Additional information about the interests of such persons in the solicitation of proxies in
respect of the merger is included in the preliminary proxy statement/prospectus that has been filed
with the SEC and will be included in the definitive proxy statement/prospectus to be filed with the
SEC in connection with the proposed transaction.
Forward-Looking Statements
All statements in this announcement other than historical facts are forward-looking statements
within the meaning of the Private Securities Litigation Reform Act of 1995. These forward-looking
statements rely on a number of assumptions concerning future events and are subject to a number of
uncertainties and factors, many of which are outside Universals control, which could cause actual
results to differ materially from such statements. Forward-looking information includes, but is not
limited to, statements regarding whether and when the transactions contemplated by the merger
agreement will be consummated, the timing of the determination and publication of Iliads new name
and headquarters and the expected impact of the merger on Universals employees and operating
results.

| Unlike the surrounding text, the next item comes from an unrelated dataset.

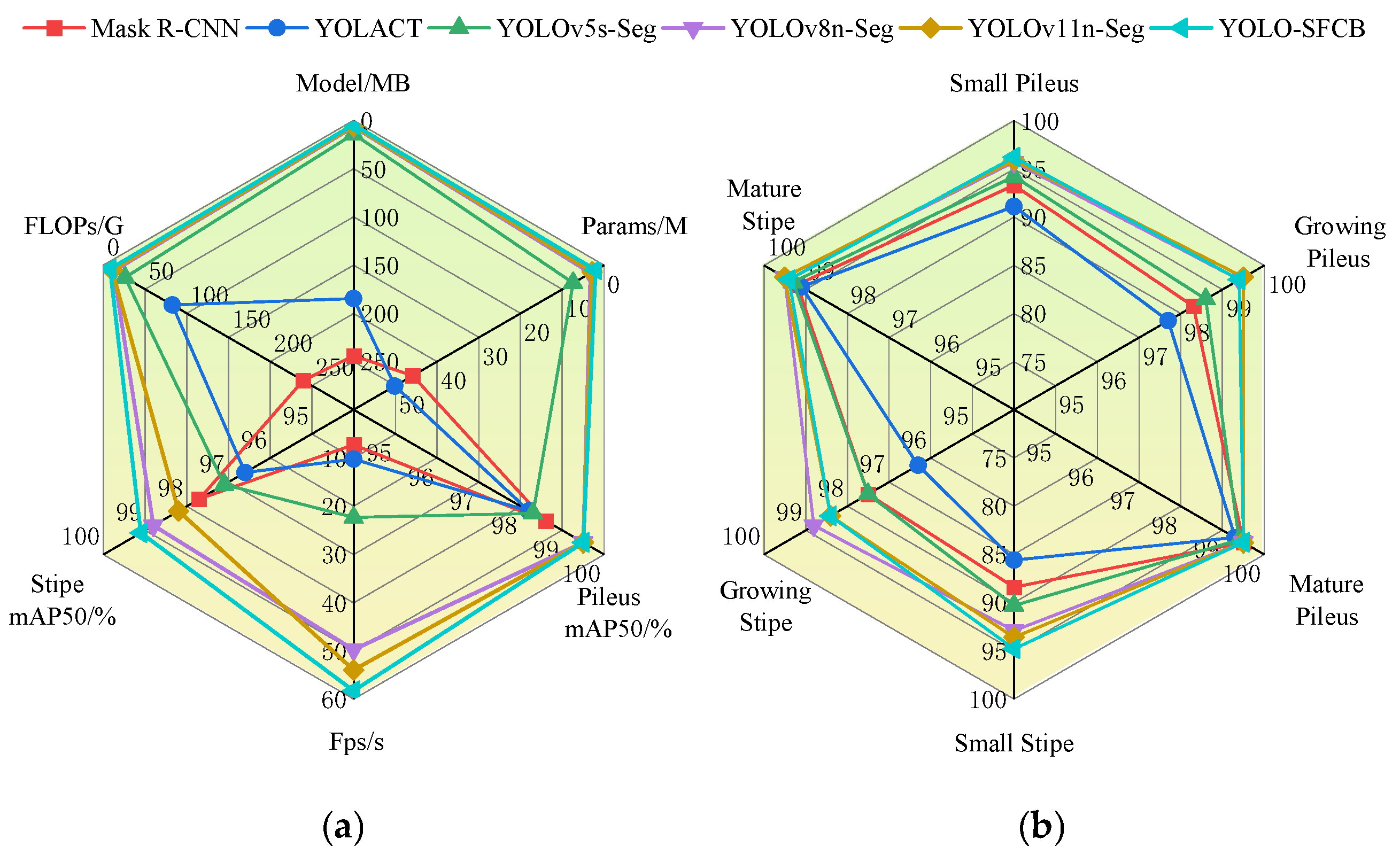 In order to further explore the recognition and segmentation performance of the improved YOLO-SFCB model on the fruiting body of

Among the factors that could cause results to differ materially from those indicated by
those forward-looking statements are the result of the review of the proposed merger by various
regulatory agencies and any conditions imposed on the new company in connection with consummation
of the merger; failure to receive the approval of the merger by the stockholders of Hanover and
Universal, the satisfaction of various other conditions to the closing of the merger contemplated
by the merger agreement and the failure to realize anticipated synergies from the proposed merger.
These forward-looking statements are also affected by the risk factors, forward-looking statements
and challenges and uncertainties described in Universals Annual Report on Form 10-K for the year
ended December 31, 2006 and those set forth from time to time in Universals filings with the
Securities and Exchange Commission, which are available through Universals website
www.universalcompression.com. Universal expressly disclaims any intention or obligation to revise
or update any forward-looking statements whether as a result of new information, future events, or
otherwise, except as required by law.